Personalising Learning
23 AI Speak: How Youtube Learns You, part 2
The Process
Across Google, deep neural networks are now being used for machine learning2. Based on the video model, Youtube’s neural network takes videos similar to the ones already watched by the user. Then it tries to predict the watch time of each new video for a given user model, and ranks them based on the prediction. The idea is then to show the 10 to 20 videos (depending on the device) with top rankings.
The process is similar to the machine learning model we studied earlier. First, the machine takes features from user and video models given by the programmer. It learns from training data what weight to give each feature to predict watch-time correctly. And then, once tested and found to be working, it can start predicting and recommending.
Training
During training, millions of both positive and negative examples are given to the system. A positive example is when a user clicked on a video and watched for a certain time. A negative example is when the user did not click on the video or did not watch for long2.
The network takes in the user features and video features discussed under the models section of How Youtube Learns You Part 1. It adjusts the importance given to each input feature by checking whether it predicted correctly the watch time for a given video and user.
There are approximately one billion parameters (weight of each feature) to be learned on hundreds of billions of examples2. The network might also learn to disregard certain features and will give it zero importance. Thus, the embedding, or the model the algorithm creates, can be very different from that envisioned by the developers.
Testing
Once the network has been trained, it is tested on already available data and adjusted. Apart from accuracy of prediction, the output of the system has to be tuned by the programmer, based on several value judgements. Showing videos that are too similar to already watched videos will not be very engaging.

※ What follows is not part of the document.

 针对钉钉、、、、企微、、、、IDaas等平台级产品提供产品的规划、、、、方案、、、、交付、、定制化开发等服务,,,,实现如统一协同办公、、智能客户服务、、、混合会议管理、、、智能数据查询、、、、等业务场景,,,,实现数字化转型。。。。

What does it really mean for a recommendation to be good? How many similar videos to show and how much diversity to introduce – both with respect to the other videos and with respect to the user history. How many of the user’s interests to cover? What type of recommendations lead to immediate satisfaction and which lead to long-term use1,3? These are all important questions to consider.
After this testing, real-time evaluation of the recommendations is done. The total watch time per set of predicted videos is measured2. The longer a user spends watching the recommended set of videos, the more successful the model is considered to be. Note that just looking at how many videos were clicked is not sufficient grounds for evaluation. Youtube evaluates its recommenders based on how many recommended videos were watched for a substantial portion of the video, session length, time until first long watch and the fraction of logged-in users with recommendations1.
The interface
We will now explore how the recommendations are presented to the viewer. How many videos should be shown? Should the best recommendations be presented all at once, or should some be saved for later3? How should thumbnails and video titles be displayed? What other information should be shown? What settings can the user control1? Answers to these questions determine how Youtube manages to keep two billion users hooked.
1 Davidson, J., Liebald, B., Liu, J., Nandy, P., Vleet, T., The Youtube Video Recommendation System, Proceedings of the 4th ACM Conference on Recommender Systems, Barcelona, 2010.
2 Covington, P., Adams, J., Sargin, E., Deep neural networks for Youtube Recommendations, Proceedings of the 10th ACM Conference on Recommender Systems, ACM, New York, 2016.
3 Konstan, J., Terveen, L., Human-centered recommender systems: Origins, advances, challenges, and opportunities, AI Magazine, 42(3), 31-42, 2021.
4 Spinelli, L., and Crovella, M., How YouTube Leads Privacy-Seeking Users Away from Reliable Information, In Adjunct Publication of the 28th ACM Conference on User Modeling, Adaptation and Personalization (UMAP ’20 Adjunct), Association for Computing Machinery, New York, 244–251, 2020.